The term 'rhetoricized' has been used in various ways over the last couple of decades, and frankly, none of these uses appears to have much in common. I therefore am eager to see whether the field has some consensus regarding a definition.
Lasha, I'm not sure I follow. Let's consider a linguistic entailment: "If John falls into the water, he will get wet." Given that an entailment is always true and thus certain, how could this statement be made "debatable"?
Well, I must disagree. A duck in the water is a wet duck. The feet are wet, the legs are wet, and if you pick one up out of the water you find that the feathers are wet. (I know this because my mother once had a pet duck.) Feathers succeed only in keeping the flesh under the feathers dry. Moreover, I'm not interested in fantasies but reality. Your hypothetical is like someone arguing against the reality of gravity--great for science fiction movies but of little use in the world we live in.

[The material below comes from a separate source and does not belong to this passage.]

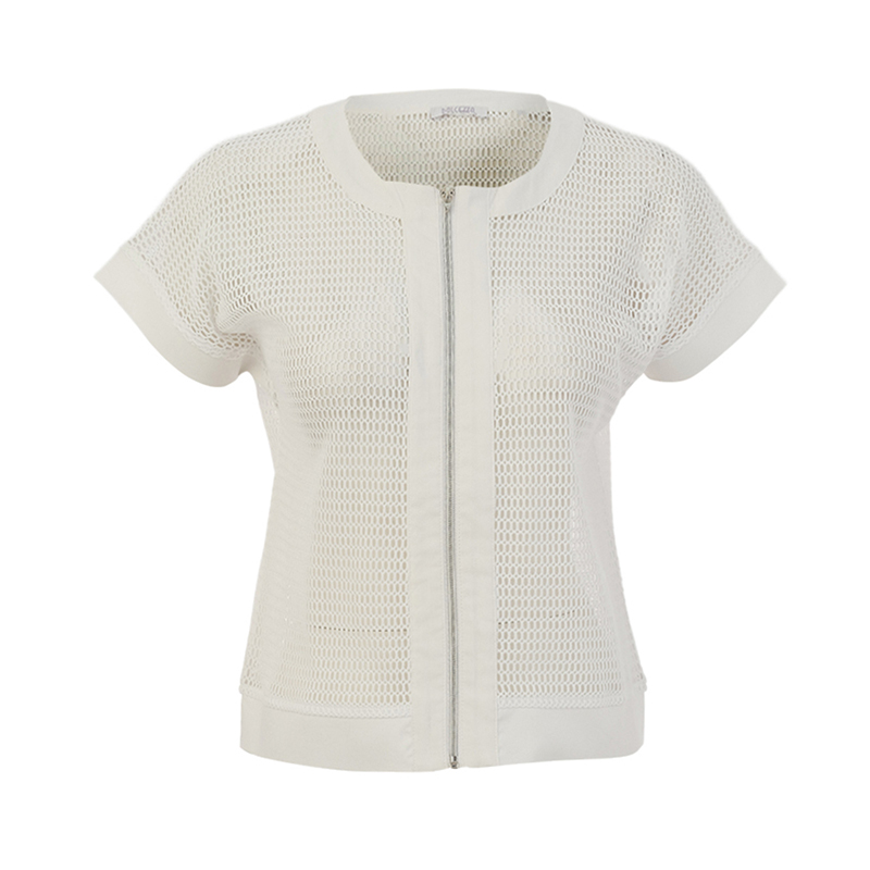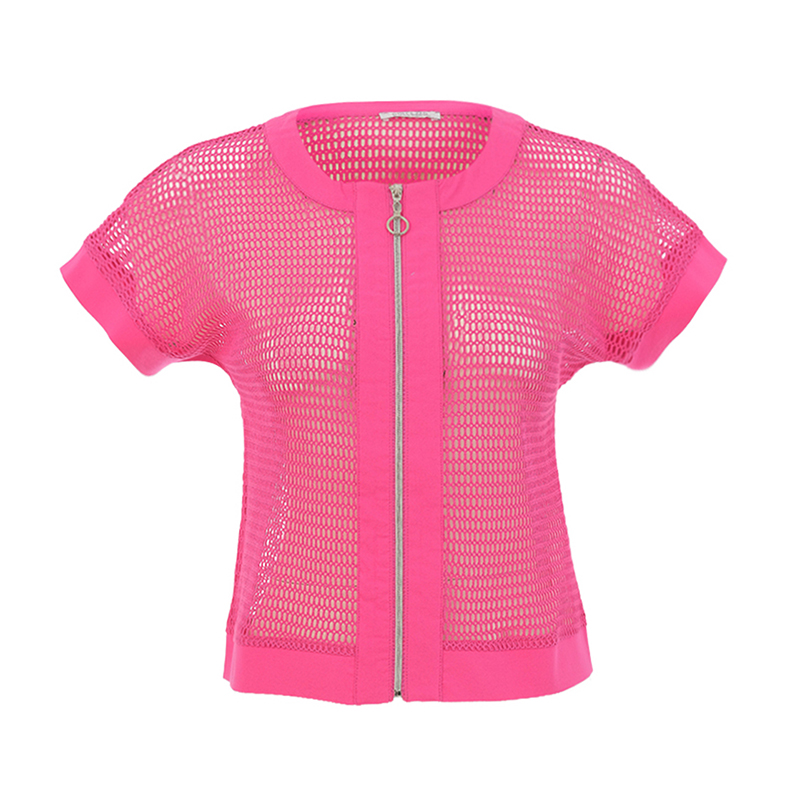 Jacket en filet à manches cap sans coutures aux épaules, sans collet, fermeture éclair.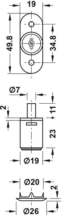 Нажимний циліндр Econo d 19 х 23 мм для розсувних дверей з однаковими комбінаціями закривання хромований полірований 23433431

Thus, I'm still curious to know how various people define "rhetoricized." I was reading a dissertation recently in which the student defined "rhetoricized" as the act of fusing rhetoric and literature so as to understand literature as the "conceptual metaphorization of the experience of lived human life." I'm troubled by the inherent limitations of that view.
"Retoricized" would be, for me, a heightened emphasis on certain words, particularly as they are emphasized predominantly by sound and/or rhythm and/or rhyme, these being the most imperceptible to listener "alarms." Secondarily, and more likely to sound these alarms in a listener (or reader), are tropes--metaphor and metonymy, maybe catachresis as well, but I haven't thought much about these (and have no time to do so presently). To set an example, and question, from poetry.
Could a rhetoricized word come from a line which dumps all of his energy onto that final word -this sense of sound guiding emphasis through rhythm and echoed in rhyme? For me it has a rhetorical effect. The only off-hand example I can provide currently is the following, by Portuguese poet António Gedeão.
"Máquina do mundo"
O Universo é feito essencialmente de coisa nenhuma.